FDA releases industry guidelines for epidermolysis bullosa therapies
The FDA has released new guidelines aiming to assist industry production of drug therapies for the prevention and treatment of epidermolysis bullosa (EB) cutaneous manifestations.
The term epidermolysis bullosa (EB) refers to a varied collection — ranging from mild in severity to fatal — of inherited skin conditions that result in mechanical skin fragility and blistering. This can cause recurrent wounding and resultant infections. Currently, therapies to manage and/or treat EB represent an urgent, unmet clinical need. The recent release of new industry guidelines by the FDA — focusing on EB drug product development, clinical trial design and endpoints — signifies a step towards achieving successful EB treatment development.

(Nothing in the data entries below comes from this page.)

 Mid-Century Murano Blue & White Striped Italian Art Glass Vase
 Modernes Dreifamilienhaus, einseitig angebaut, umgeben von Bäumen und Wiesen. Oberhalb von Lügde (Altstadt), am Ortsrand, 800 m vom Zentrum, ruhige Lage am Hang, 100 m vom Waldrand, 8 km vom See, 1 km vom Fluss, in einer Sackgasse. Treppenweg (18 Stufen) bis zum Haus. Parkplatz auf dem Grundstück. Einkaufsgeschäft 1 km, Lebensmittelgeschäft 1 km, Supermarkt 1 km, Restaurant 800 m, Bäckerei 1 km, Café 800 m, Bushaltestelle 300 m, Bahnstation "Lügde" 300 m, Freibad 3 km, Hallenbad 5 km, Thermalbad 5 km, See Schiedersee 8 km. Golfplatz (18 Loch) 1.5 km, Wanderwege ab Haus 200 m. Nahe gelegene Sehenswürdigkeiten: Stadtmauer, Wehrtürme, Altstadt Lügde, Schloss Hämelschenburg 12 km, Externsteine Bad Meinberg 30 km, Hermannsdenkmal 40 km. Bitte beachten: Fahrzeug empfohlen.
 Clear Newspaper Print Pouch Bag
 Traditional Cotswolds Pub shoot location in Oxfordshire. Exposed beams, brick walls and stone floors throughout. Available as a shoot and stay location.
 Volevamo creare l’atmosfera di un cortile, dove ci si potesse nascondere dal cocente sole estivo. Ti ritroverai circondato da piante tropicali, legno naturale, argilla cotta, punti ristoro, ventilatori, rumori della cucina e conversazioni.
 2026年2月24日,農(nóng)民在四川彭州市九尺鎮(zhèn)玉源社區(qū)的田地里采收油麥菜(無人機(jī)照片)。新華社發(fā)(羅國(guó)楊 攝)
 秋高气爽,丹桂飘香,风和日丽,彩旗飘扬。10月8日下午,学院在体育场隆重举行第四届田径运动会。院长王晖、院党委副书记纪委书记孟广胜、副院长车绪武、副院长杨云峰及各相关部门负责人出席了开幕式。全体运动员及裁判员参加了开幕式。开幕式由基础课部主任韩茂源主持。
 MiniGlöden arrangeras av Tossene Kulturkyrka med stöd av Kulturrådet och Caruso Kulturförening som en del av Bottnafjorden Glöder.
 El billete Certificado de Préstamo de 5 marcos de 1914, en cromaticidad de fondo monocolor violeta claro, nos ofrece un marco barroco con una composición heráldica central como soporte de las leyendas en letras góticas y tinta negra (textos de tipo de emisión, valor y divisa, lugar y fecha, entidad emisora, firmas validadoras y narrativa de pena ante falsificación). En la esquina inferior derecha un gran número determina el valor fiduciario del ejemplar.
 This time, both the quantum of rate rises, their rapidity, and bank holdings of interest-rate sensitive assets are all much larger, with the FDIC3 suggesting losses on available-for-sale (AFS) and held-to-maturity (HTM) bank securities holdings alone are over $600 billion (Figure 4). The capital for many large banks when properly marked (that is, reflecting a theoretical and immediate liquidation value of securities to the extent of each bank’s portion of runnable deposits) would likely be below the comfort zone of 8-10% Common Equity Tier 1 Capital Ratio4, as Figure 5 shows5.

In the guidelines document, the FDA state: “The purpose of this guidance is to assist sponsors with the development of drugs for treatment or prevention of the serious cutaneous manifestations of the heterogeneous group of disorders collectively known as epidermolysis bullosa (EB). The paucity of effective treatment options for EB represents an important unmet medical need.”
Further in the document, the FDA note: “This guidance focuses on drug development and trial design issues specific to the treatment of EB, including FDA’s current thinking on trial endpoints. There is not yet sufficient clinical trial experience to establish definitive endpoints.”

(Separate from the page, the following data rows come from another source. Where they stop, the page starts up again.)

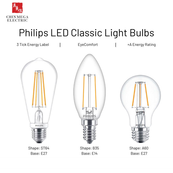 Philips LED Classic Bulbs ST64/ B35/ A60 Light Bulbs E14/ E27 Base (2w/ 4w/ 6w)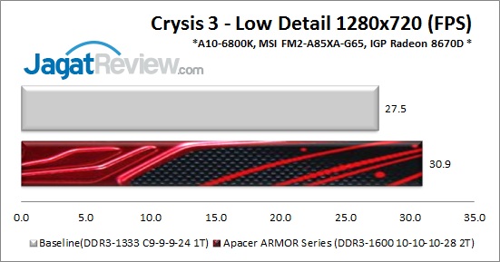 Untuk benchmark game kami menggunakan Crysis 3, dengan setting yang disesuaikan dengan penggunaan grafis terintegrasi, yakni resolusi 1280×720, detail Low, texture detail Medium. Sama halnya dengan 3DMark Fire Strike, performa grafis terintegrasi pada AMD APU disini sangat dipengaruhi oleh bandwidth memori yang digunakan.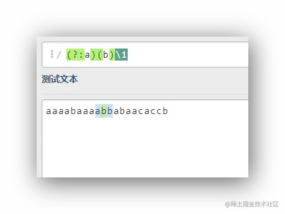 前面的组被取消命名,所以自动命名从(b)开始,所以后面的\1匹配的是(b)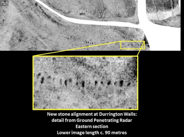 The latest surveys now provide evidence that Stonehenge’s largest neighbour, Durrington Walls, had an earlier phase which included a large row of standing stones probably of local origin and that the context of the preservation of these stones is exceptional and the configuration unique to British archaeology.
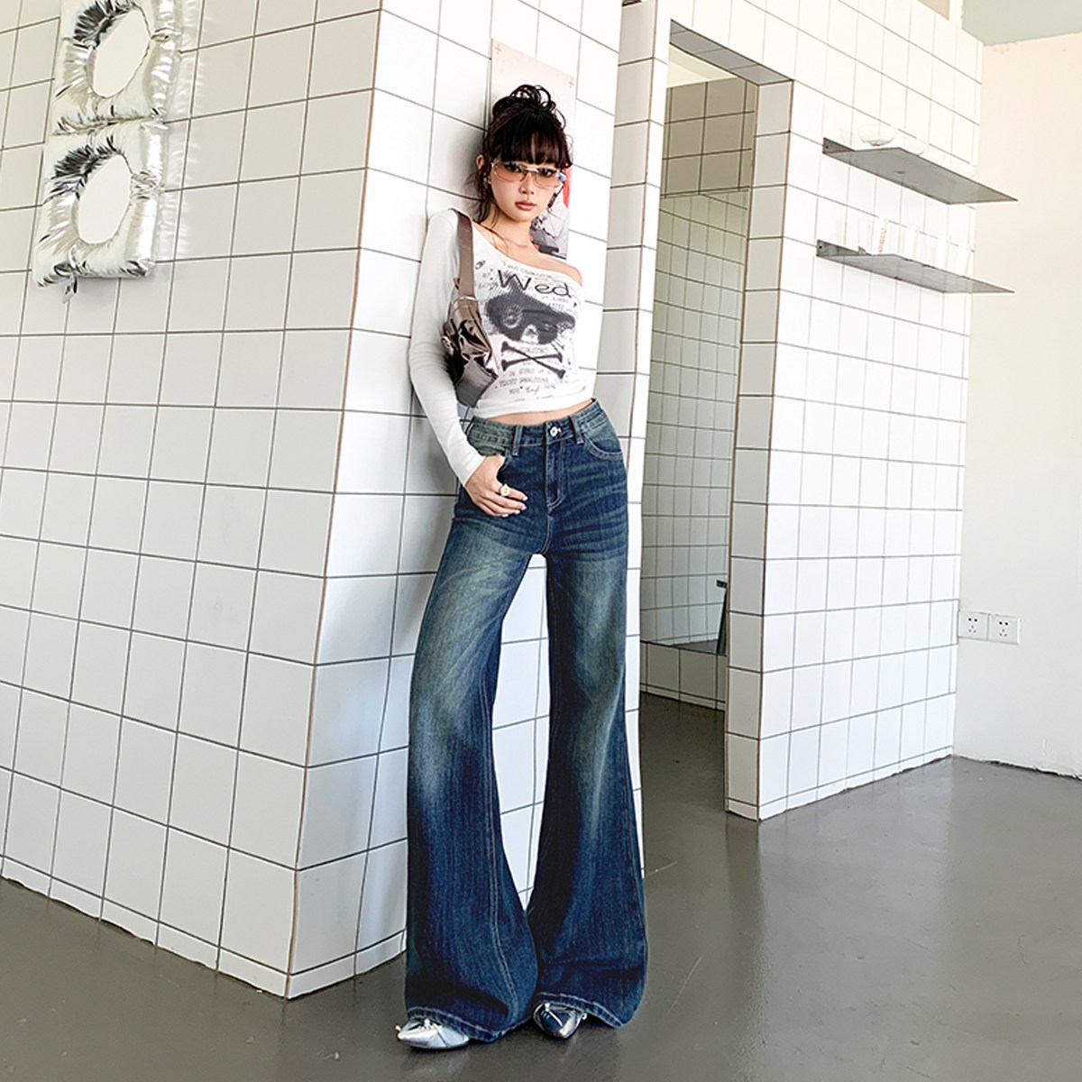 王家有鱼【古早蓝灰】2025秋季新款微喇牛仔裤中高腰不贴腿辣妹女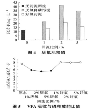 2)回流污泥使出水中磷負荷增加, 有利于聚磷菌優(yōu)勢生長, 提高VFA 的利用率。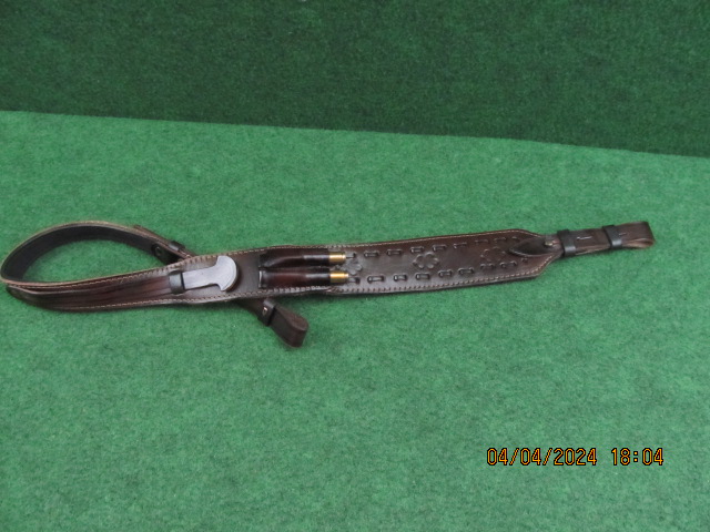 Dieser wunderbar gefertigte Gewehrriemen aus echtem Rindleder hat eine Länge von ca. 104 cm. Der Riemen ist mit schönen Lederarbeiten und Verzierungen geschmückt. Durch die qualitativ sehr hochwertige Verarbeitung ist der Riemen sehr robust und widerstandsfähig. Dies ist keine Stangenwahre, sondern beste Sattlerarbeit. Der Riemen hat über die gesamte Länge auf der Rückseite / Trageseite eine Polsterung sowie eine Antirutsch-Oberfläche zum bequemen und sicheren Tragen. Die Länge des Riemens ist beidseitig um 3 Löcher verstellbar (6,5 cm!!). Die Farbe ist Braun.
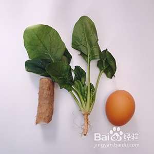 准备食材:山药、鸡蛋、菠菜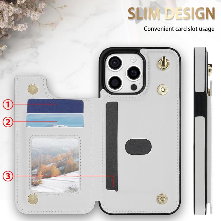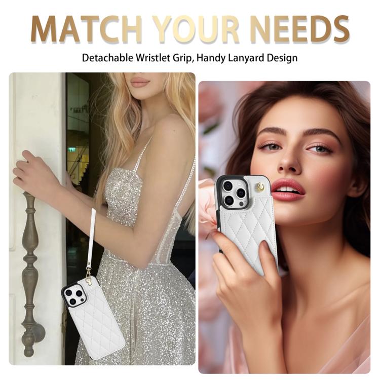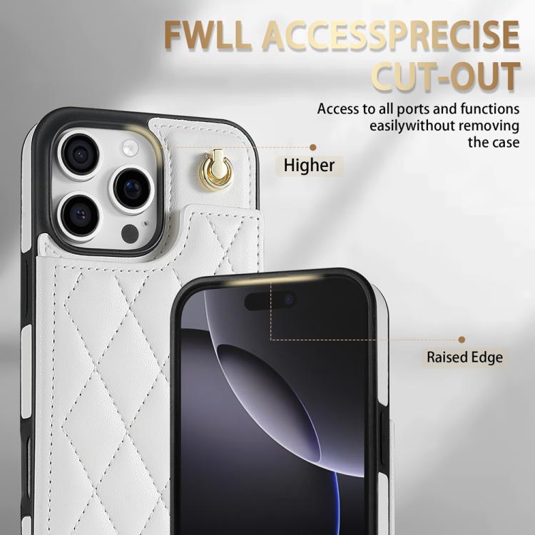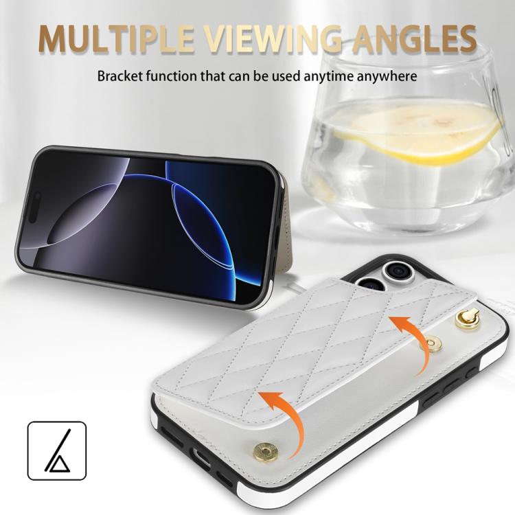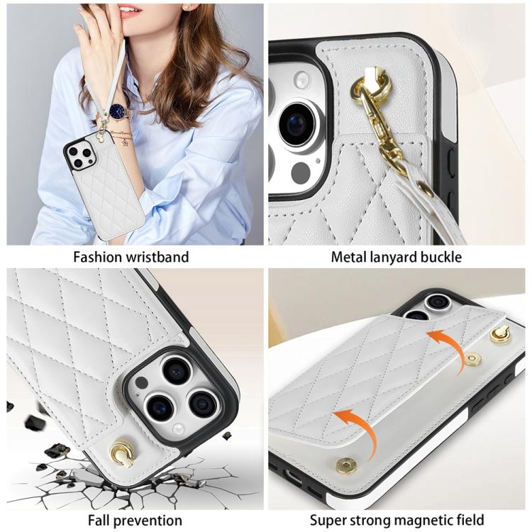 Rhombic Dual Buckle Card Slots Phone Case with Lanyard, For iPhone 15 Pro Max, For iPhone 15 Pro, For iPhone 15 Plus, For iPhone 15

The newly released guidelines build on previous FDA guidance concerning the development of targeted cell and gene therapies and wound healing products, set out over the course of 2006–2015.

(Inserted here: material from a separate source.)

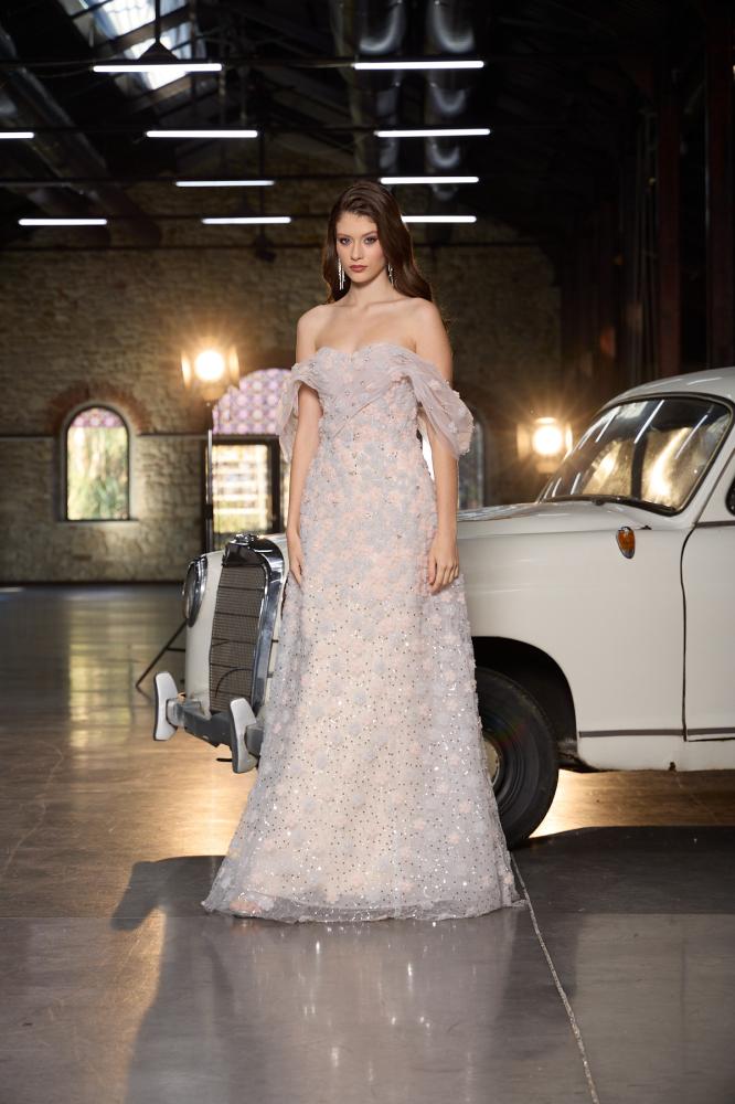 - فستان تول منفوش تصميم اوف شولدر يبرز الكتف والرقبة بشكل جذاب.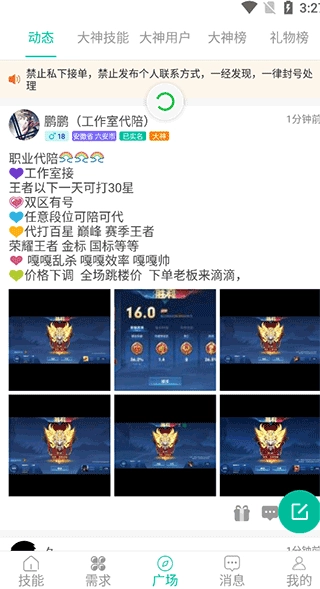 首先在本站完成软件安装后,进入技能主页面就能看到众多陪玩发布的信息。

Learn more about cell therapy for epidermolysis bullosa:
The guidelines cover three categories of considerations that impact on clinical trial design:
- Factors relating to the trial population
Recommendations in this section include guidance on defining patient cohorts for clinical trials such that patients recruited for the testing of products aimed at either palliative disease treatment or disease modification are only done so if, for example, they represent the phenotypic spectrum of disease interest under investigation. Patients should not have to undergo certain genetic testing if this is not relevant to the claims of the therapy being investigated.
- Endpoints from which to assess efficacy of trialed therapies
This guidance pertains to practical study design; recommendations concerning the random assignment of participants to treatment-receiving groups, blinding and appropriate control group measures are made. Further, it is advised that subjective endpoints and the timescales with which to assess these are discussed prior to trial design. Additionally, the importance of assessing the validity of methods used to evaluate these endpoints is highlighted, such as the current lack of adequate patient-reported outcomes from which endpoints can be evaluated.
- Additional special considerations
The advice in this section concerns measures that can be taken to maximize patient comfort during trials, such as electronic-informed consent, measures that reduce the number of patients’ visits to trial sites amongst others.